[Start of Attachment]

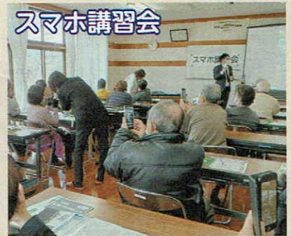
使いこなせないスマホも講師に教えてもらい習得できました
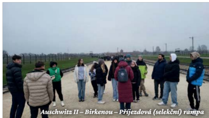
Auschwitz II – Birkenou – Příjezdová (selekční) rampa
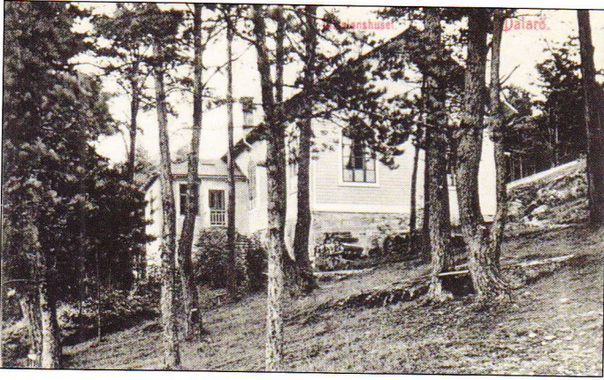
Ett vykort med missionshuset från början av 1900-talet. Huset sett från sydväst.

slutet av 1899 lämnade 17 medlemmar Dalaröförsamlingen för att bilda en ny församling.
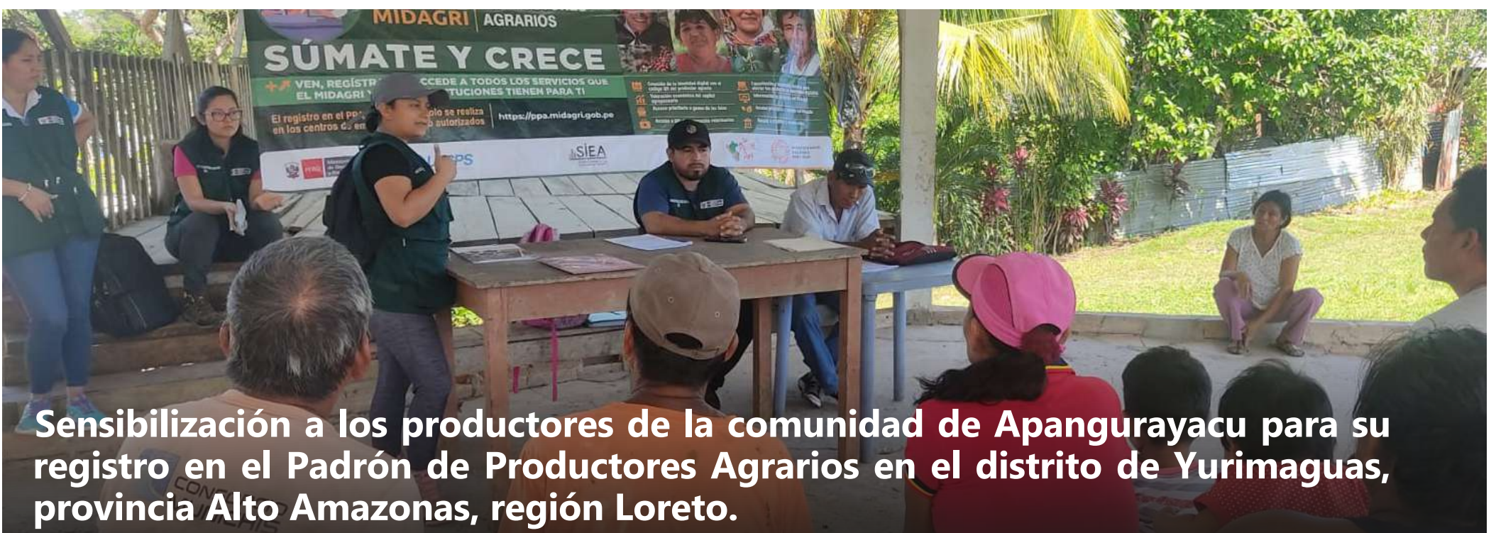
Sensibilización a los productores de la comunidad de Apangurayacu para su registro en el Padrón de Productores Agrarios en el distrito de Yurimaguas, provincia Alto Amazonas, región Loreto.
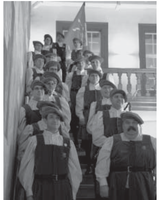
... und das Original

deten. Ein generöser Zustupf der Metzgerstiftung des Metzgermeistervers Basler und der Hermann Herzog Stiftung, die der E. Zunft zu Metzgern besonders gut gesinnt sind, sorgte schliesslich dafür, dass der Auftrag für die neue Uniform des Zunftspiels erteilt werden konnte.
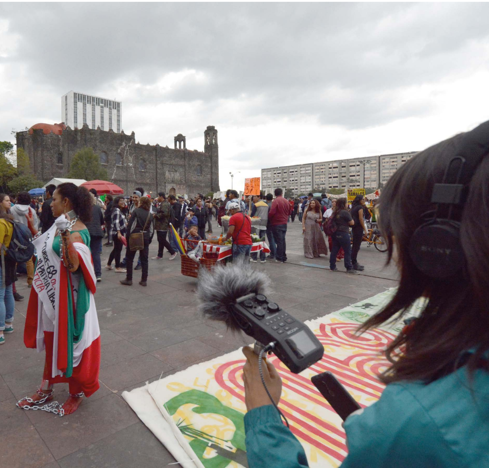
Colectivo Laboratorio Mestizo . Plaza de las Tres Culturas, 2018, Tlatelolco, CDMX. Registro sonoro, 02 de octubre.
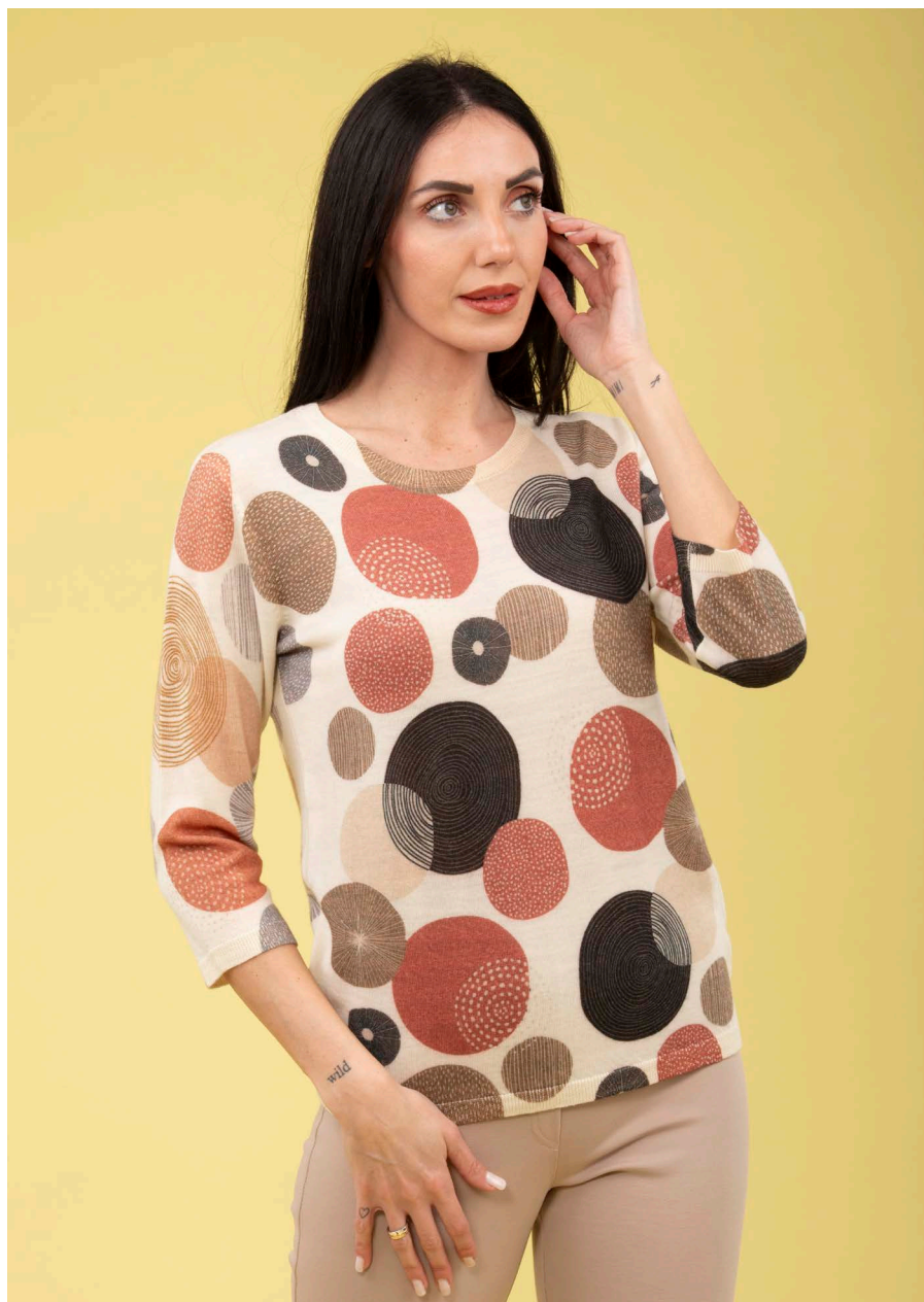
Maglia manica 3/4 art. N193
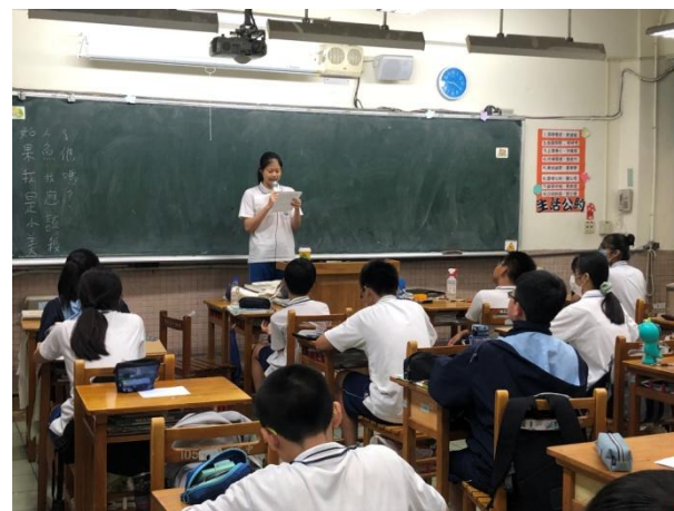
▲ 閱讀課程與寫作：同學上台分享閱讀心得
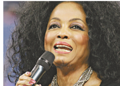
遺囑指名歌手兼米高的知己 Diana Ross 為米高三名子女の後備監護人
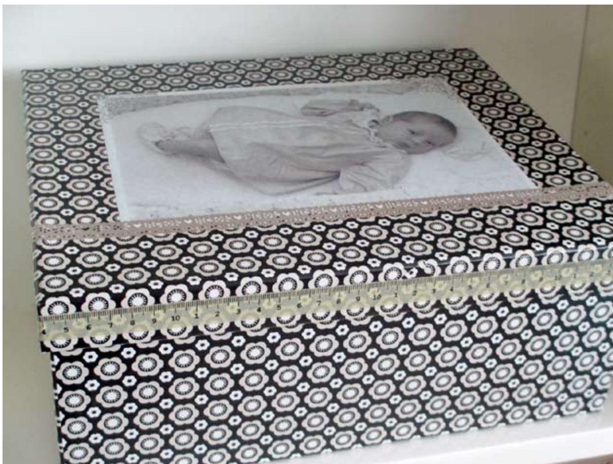
Min egen barndoms erindringskasse.

Jeg er jo født før fjernsynets tid, så der blev spillet rigtig meget: Ludo, Skidtmads,
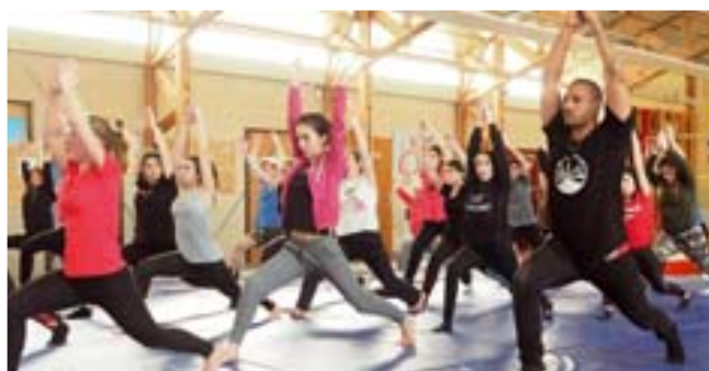
Raging Bull / 29 mars Atelier de hip-hop proposé aux lycéens dans le cadre du spectacle Raging Bull à Cap Nort.
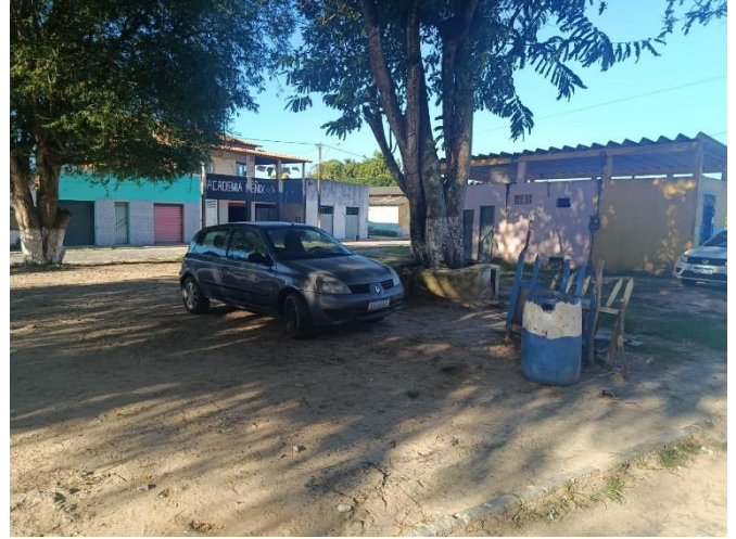
PAVIMENTAÇÃO E EDIFICAÇÕES EXISTENTES.
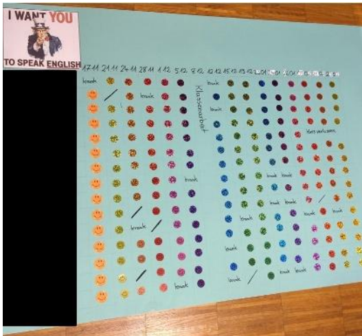
Abb. 1: Sticker-Plakat dokumentiert das Sprechen in der Zielsprache
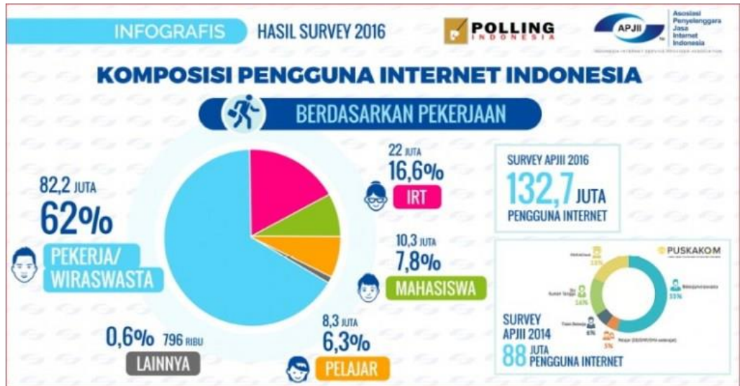
Gambar 1.3 Komposisi Pengguna Internet Indonesia Berdasarkan Pekerjaan

juta atau 16,6%. Seperti yang digambarkan pada gambar berikut (Isparmo, 2016):
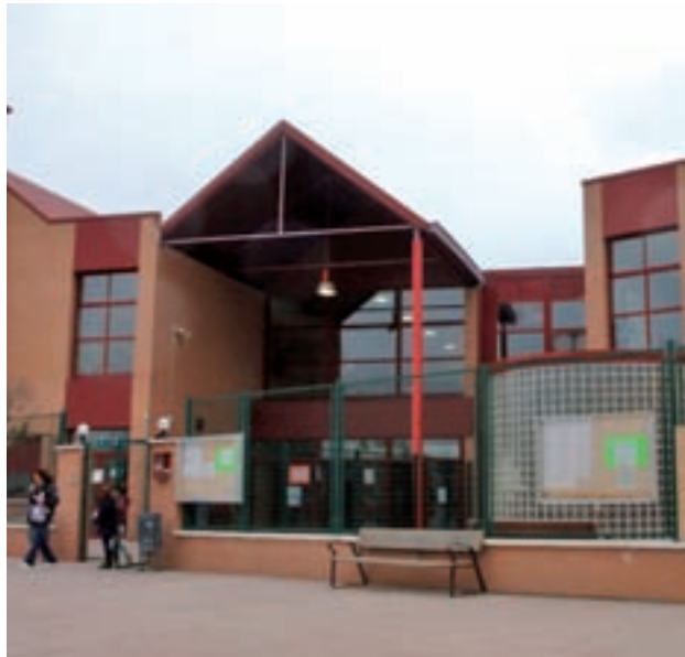
Centro escolar madrileño
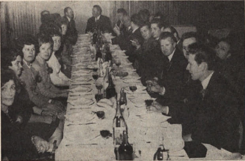
KAKO BO SELE DOLGA MIZA PRIHODNJE LETO, KO BO PRITISNILA »DESETLETNA« PREDILNICA! TO BO VESELO!
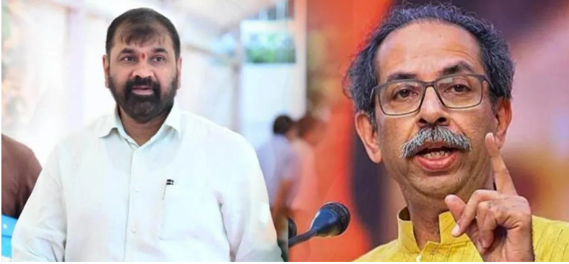
महाईन्यूज । मुंबई
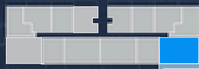
PISO 5 5TH FLOOR
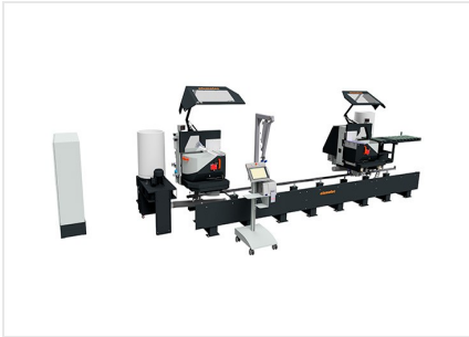
Tronzadora doble DG 104 + E 590

[End of Attachment]

EXERCISE BRIEF - Starting at the line that contains "Sensibilización a los" and ending at the line that contains "Jeg er jo født", transcribe the material above exactly, excluding pictures.

RESPONSE AREA -
Sensibilización a los productores de la comunidad de Apangurayacu para su registro en el Padrón de Productores Agrarios en el distrito de Yurimaguas, provincia Alto Amazonas, región Loreto.
... und das Original

deten. Ein generöser Zustupf der Metzgerstiftung des Metzgermeistervers Basler und der Hermann Herzog Stiftung, die der E. Zunft zu Metzgern besonders gut gesinnt sind, sorgte schliesslich dafür, dass der Auftrag für die neue Uniform des Zunftspiels erteilt werden konnte.
Colectivo Laboratorio Mestizo . Plaza de las Tres Culturas, 2018, Tlatelolco, CDMX. Registro sonoro, 02 de octubre.
Maglia manica 3/4 art. N193
▲ 閱讀課程與寫作：同學上台分享閱讀心得
遺囑指名歌手兼米高的知己 Diana Ross 為米高三名子女の後備監護人
Min egen barndoms erindringskasse.

Jeg er jo født før fjernsynets tid, så der blev spillet rigtig meget: Ludo, Skidtmads,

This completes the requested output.